:: YOUR INSTRUCTIONS ::
The records underneath are to be repeated exactly, with the pictures left out.

____________

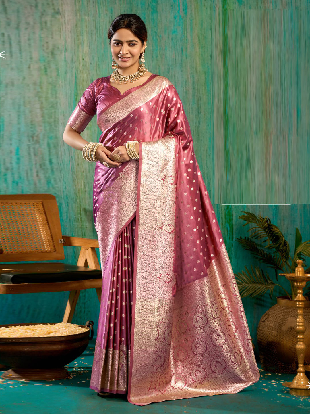 Satin Silk Party Wear Saree in Pink and Majenta with Weaving work
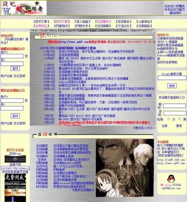12年前的cy07網站,風格簡單,滿懷時代氣息我對破解好像有天生的興趣。我會去看《電腦報》、《電腦喜好者》上面一些跟黑客有關的文章,也去瀏覽一些黑客網站。不過真正開始破解則是在因為想要便利上網的緣故。
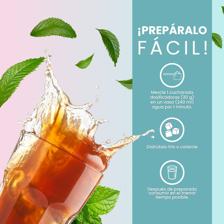 Disolver 1 cucharada (20 g) en un vaso con 240 ml de agua por 1 minuto.
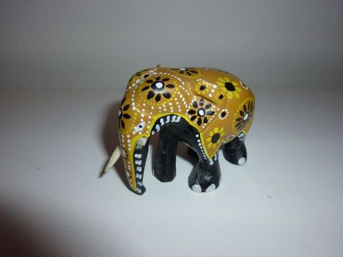 1503 1 Figur mittel 1 bunt gelb rot mit Aufsatz, Rüssel: oben, Stoßzähne: ja
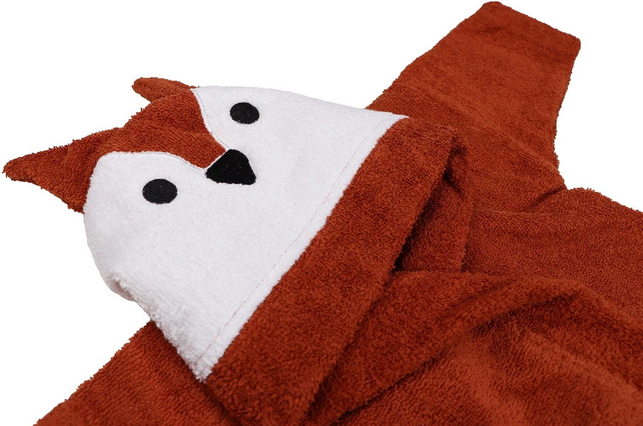 Deze badjas is extra leuk door het design van een vosje! De capuchon heeft namelijk oortjes en het gezichtje van een vos als printje. Zodra je kleine de capuchon opzet zal hij/zij er dus uitzien als een echte vos. De riem van het badjas kan je zelf knopen.
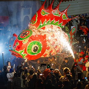 2月10日,非遗民俗“汪满田鱼灯”表演队伍在村中巡游。
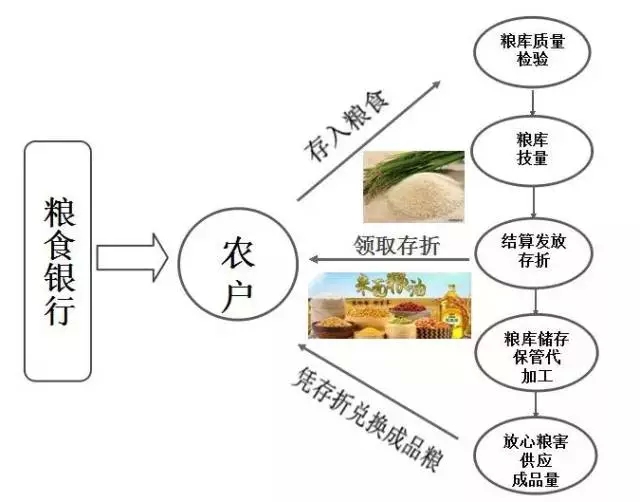 農民打下新糧,存入企業(yè)提供的糧倉,定期或活期自由選擇,并且享有利息,這個糧倉就作為“糧食銀行”為農戶提供代存代儲代加工糧食等服務,糧食銀行會給農戶發(fā)放 “糧食存折”,記錄著存糧日期、數量、取兌日期和余額等信息。農戶還可憑存折在鄉(xiāng)村各個網點兌換米、油或化肥、種子、農藥等各種農資。農戶走進糧食銀行,就好像走進了商業(yè)銀行的儲蓄所,只不過存取的內容從現金變成了糧食。
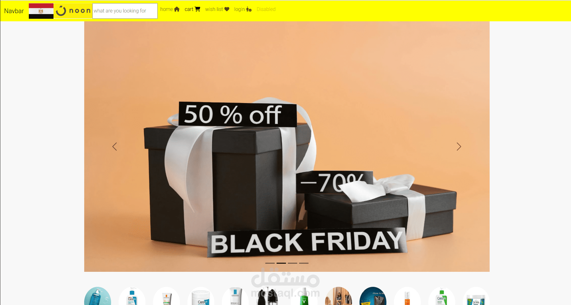 It's just a simple jQuery project. The user can create an account and log in with authentication to enter and find products like Noon.
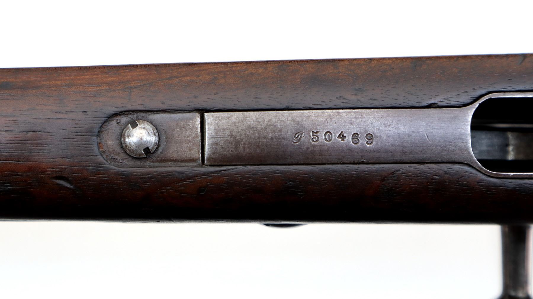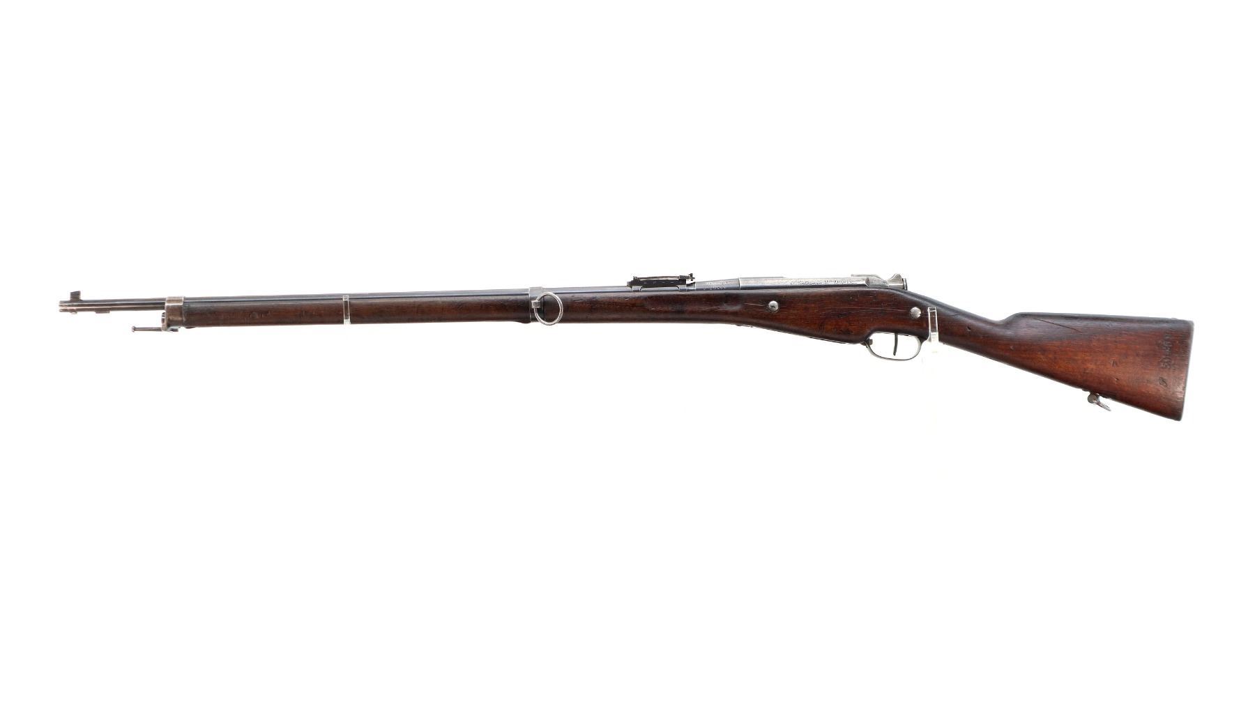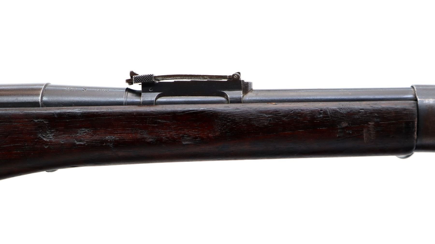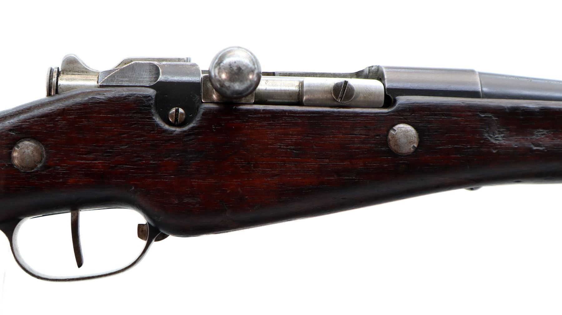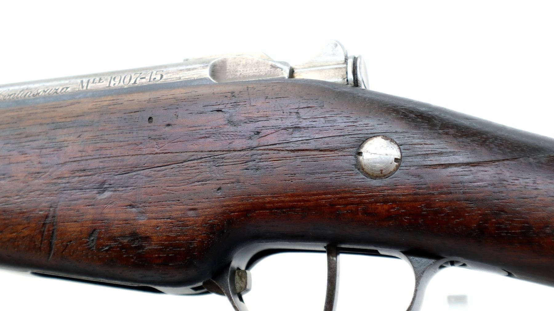 Main Description: Manufactured by St Continsouza 1916, visible numbers match. Block front sight with groove and ramp, adjustable u notched ladder rear sight which is slightly bent, blued finish, silver bolt with straight handle, uses three round stripper clip. One piece full military wood stock, finger grooved forearm, straight grip, smooth steel butt plate, roundel on right side of stock, sling swivels, stacking hook, bayonet lug.
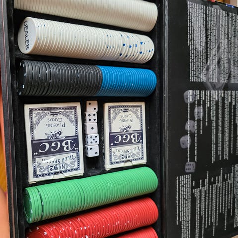 Poker sett i aluminium koffert med forskjellige fargede pokerbrikker, kortstokk og terninger. Kofferten har låsbare klaffer og bærehåndtak for enkel transport og oppbevaring.
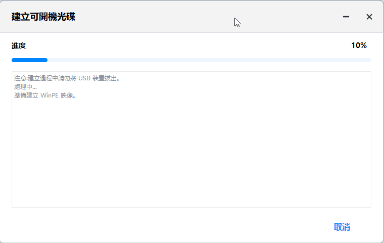3. 然後,您只需等待進度完成,即可成功建立可開機裝置。
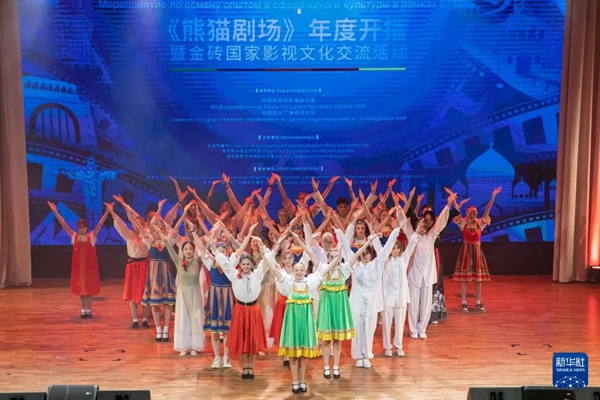 9月22日,中俄青少年在莫斯科《熊猫剧场》年度开播暨金砖国家影视文化交流活动上表演节目。新华社记者 白雪骐 摄
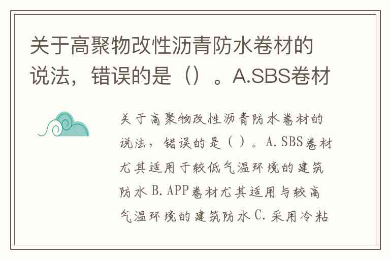 关于高聚物改性沥青防水卷材的说法,错误的是()。A.SBS卷材尤其适用于较低气温环境的建筑防水 B.APP卷材尤其适用与较高气温环境的建筑防水 C.采用冷粘法铺贴时,施工环境温度不应低于0℃ D.采用热熔法铺贴时,施工环境温度不应低于﹣10℃
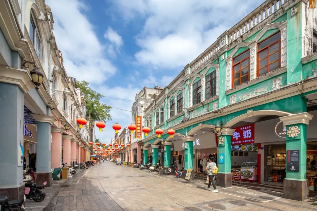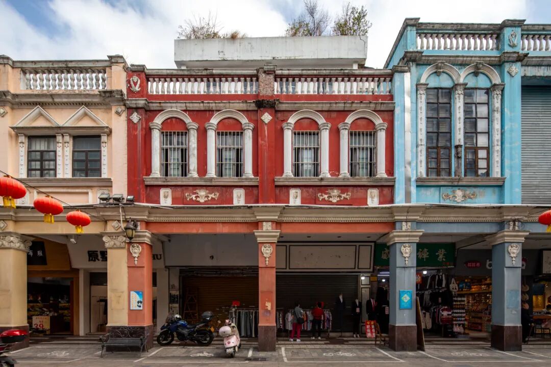 彩色的骑楼映着青石板路
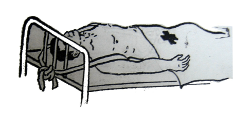 B. 上臂固定法 將大單折成寬帶狀,橫在病人身下,帶的上邊壓在腋下,將帶自纏繞上臂,從雙臂下方向外側(cè)方拉出,系于床緣邊上。如下圖:
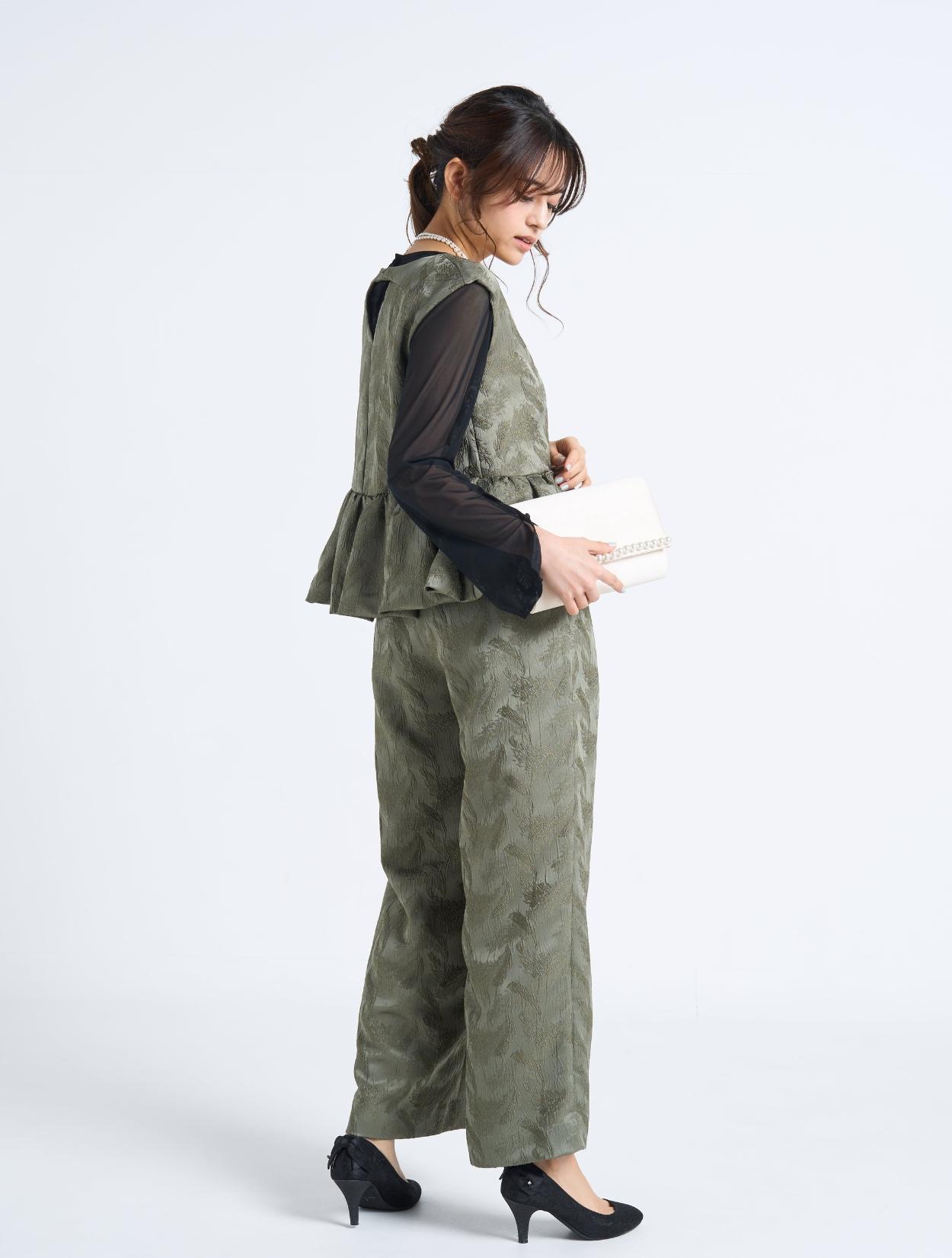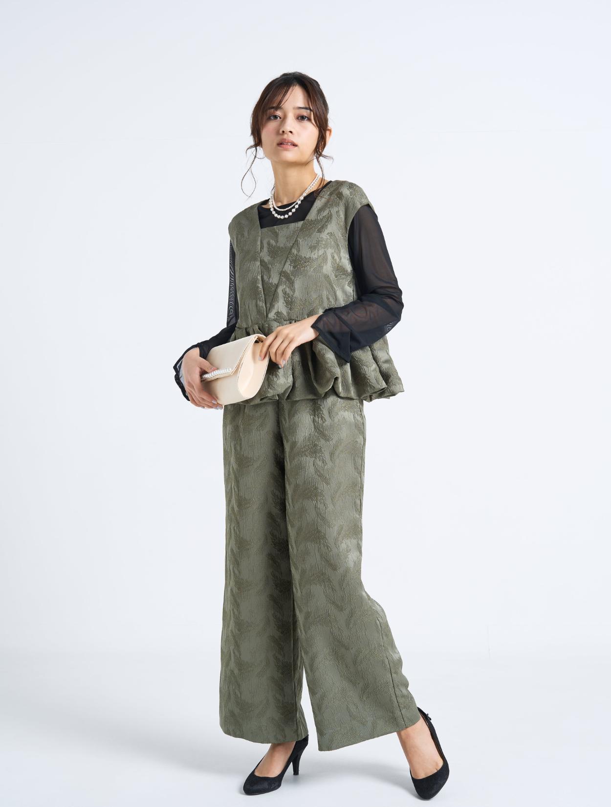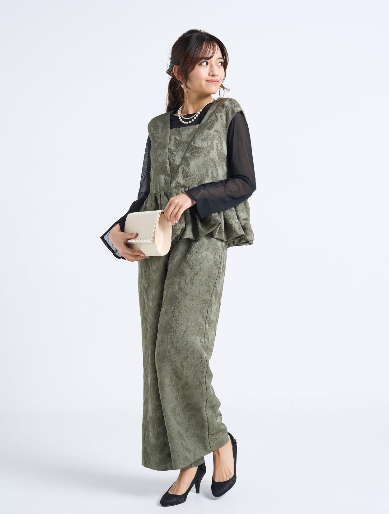 ■穏やかでファッショナブルなカーキ色のドレスにブラックのシアーブラウスを合わせたトレンド感のあるコーディネート。

____________

:: FINISHED EXERCISE ::
 Satin Silk Party Wear Saree in Pink and Majenta with Weaving work
12年前的cy07網站,風格簡單,滿懷時代氣息我對破解好像有天生的興趣。我會去看《電腦報》、《電腦喜好者》上面一些跟黑客有關的文章,也去瀏覽一些黑客網站。不過真正開始破解則是在因為想要便利上網的緣故。
 Disolver 1 cucharada (20 g) en un vaso con 240 ml de agua por 1 minuto.
 1503 1 Figur mittel 1 bunt gelb rot mit Aufsatz, Rüssel: oben, Stoßzähne: ja
 Deze badjas is extra leuk door het design van een vosje! De capuchon heeft namelijk oortjes en het gezichtje van een vos als printje. Zodra je kleine de capuchon opzet zal hij/zij er dus uitzien als een echte vos. De riem van het badjas kan je zelf knopen.
 2月10日,非遗民俗“汪满田鱼灯”表演队伍在村中巡游。
 農民打下新糧,存入企業(yè)提供的糧倉,定期或活期自由選擇,并且享有利息,這個糧倉就作為“糧食銀行”為農戶提供代存代儲代加工糧食等服務,糧食銀行會給農戶發(fā)放 “糧食存折”,記錄著存糧日期、數量、取兌日期和余額等信息。農戶還可憑存折在鄉(xiāng)村各個網點兌換米、油或化肥、種子、農藥等各種農資。農戶走進糧食銀行,就好像走進了商業(yè)銀行的儲蓄所,只不過存取的內容從現金變成了糧食。
 It's just a simple jQuery project. The user can create an account and log in with authentication to enter and find products like Noon.
 Main Description: Manufactured by St Continsouza 1916, visible numbers match. Block front sight with groove and ramp, adjustable u notched ladder rear sight which is slightly bent, blued finish, silver bolt with straight handle, uses three round stripper clip. One piece full military wood stock, finger grooved forearm, straight grip, smooth steel butt plate, roundel on right side of stock, sling swivels, stacking hook, bayonet lug.
 Poker sett i aluminium koffert med forskjellige fargede pokerbrikker, kortstokk og terninger. Kofferten har låsbare klaffer og bærehåndtak for enkel transport og oppbevaring.
3. 然後,您只需等待進度完成,即可成功建立可開機裝置。
 9月22日,中俄青少年在莫斯科《熊猫剧场》年度开播暨金砖国家影视文化交流活动上表演节目。新华社记者 白雪骐 摄
 关于高聚物改性沥青防水卷材的说法,错误的是()。A.SBS卷材尤其适用于较低气温环境的建筑防水 B.APP卷材尤其适用与较高气温环境的建筑防水 C.采用冷粘法铺贴时,施工环境温度不应低于0℃ D.采用热熔法铺贴时,施工环境温度不应低于﹣10℃
 彩色的骑楼映着青石板路
 B. 上臂固定法 將大單折成寬帶狀,橫在病人身下,帶的上邊壓在腋下,將帶自纏繞上臂,從雙臂下方向外側(cè)方拉出,系于床緣邊上。如下圖:
 ■穏やかでファッショナブルなカーキ色のドレスにブラックのシアーブラウスを合わせたトレンド感のあるコーディネート。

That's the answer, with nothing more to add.